In the following step, the EPA DSSTox and NORMAN database were combined and most overlapping compounds (the EPA DSSTox already contains part of NORMAN) were removed by keeping only unique SMILES and InChIKeys. Then all fluorine-containing compounds were removed. This final dataset contained 182,503 organic contaminants without fluorine which are denoted as OCs in the following. The NOM dataset was kept in its original form with 124,782 compounds containing C, H, O, N, S, and P.

For the PFAS dataset (210,091 PFAS), four parameters were calculated that describe the amount of fluorine in PFAS molecules in different ways: F/C ratio, H/F ratio, the mass percentage of fluorine (%mF), and the fraction of fluorine atoms per molecule (%nF).

Data evaluation

Separation of PFAS from OCs and NOM

To determine how well PFAS can be separated from compounds without fluorine (OCs and NOM) in the MD/C-m/C plot a MD/C vs. m/C domain from − 0.05 ≤ MD/C ≤ 0.025 and 10 ≤ m/C ≤ 100 and was chosen which included > 99.8% of all compounds of the three groups. Compounds that fall out of this domain were not included in the data evaluation (mainly compounds with less than two C atoms and heavy elements such as I or Cl and P).

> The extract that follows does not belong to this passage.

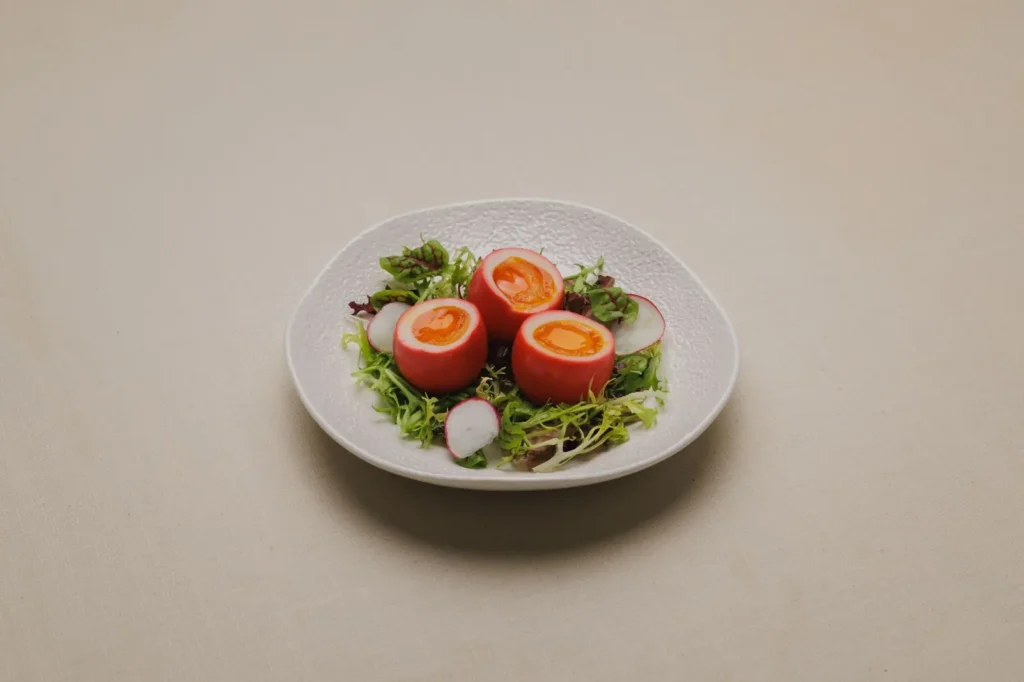 特色小食「酒香黃金蛋」特別選用白殼紅心的有機機能蛋,浸泡在由雞湯、花雕酒與紅糟調製而成的秘製滷汁中長達兩天。外皮的鮮紅色澤吸睛,一口咬下能同時嗅到蛋白融合了酒香與紅糟香氣,溏心蛋黃增添厚實口感,酒香濃郁餘韻悠長。

To determine the position of each class in the MD/C-m/C domain, this was subdivided in a rectangular grid of 2D bins. A grid size of either 70 × 70 or 100 × 100 bins was chosen which corresponds to bin sizes of 0.0011 MD/C × 1.28 m/C or 0.00075 MD/C × 0.9 m/C. For the binned data, a 2D histogram was calculated for all three compound groups. The resulting matrix with the number of compounds in each bin (counts) was normalized to the total number of compounds present to obtain the fraction of compounds relative to all compounds in each bin (the sum of the normalized matrix corresponds to 100%) (Fig. S3). To find the position of a certain percentage of compounds (e.g., 90%) around the region with highest density of compounds, the bins were summed up in decreasing order until the desired percentage criterion was reached (a schematic explanation of this procedure is depicted in Fig. S3). Now the matrix of PFAS can be compared to the matrix of the other compound classes (OCs or NOM) to find the overlapping region of both classes and determine the fraction of compounds that overlap for both classes (Fig. S4). Since OCs with high amounts of heavy elements (e.g., Br or I) always overlap with some PFAS, the calculations were performed for different percentages of each class. With this general procedure, the overlap was simulated for different fluorine content by varying the parameters F/C, H/F, %mF, and %nF and considering PFAS that fall into the criterion (e.g., PFAS with %mF ≥ 50%).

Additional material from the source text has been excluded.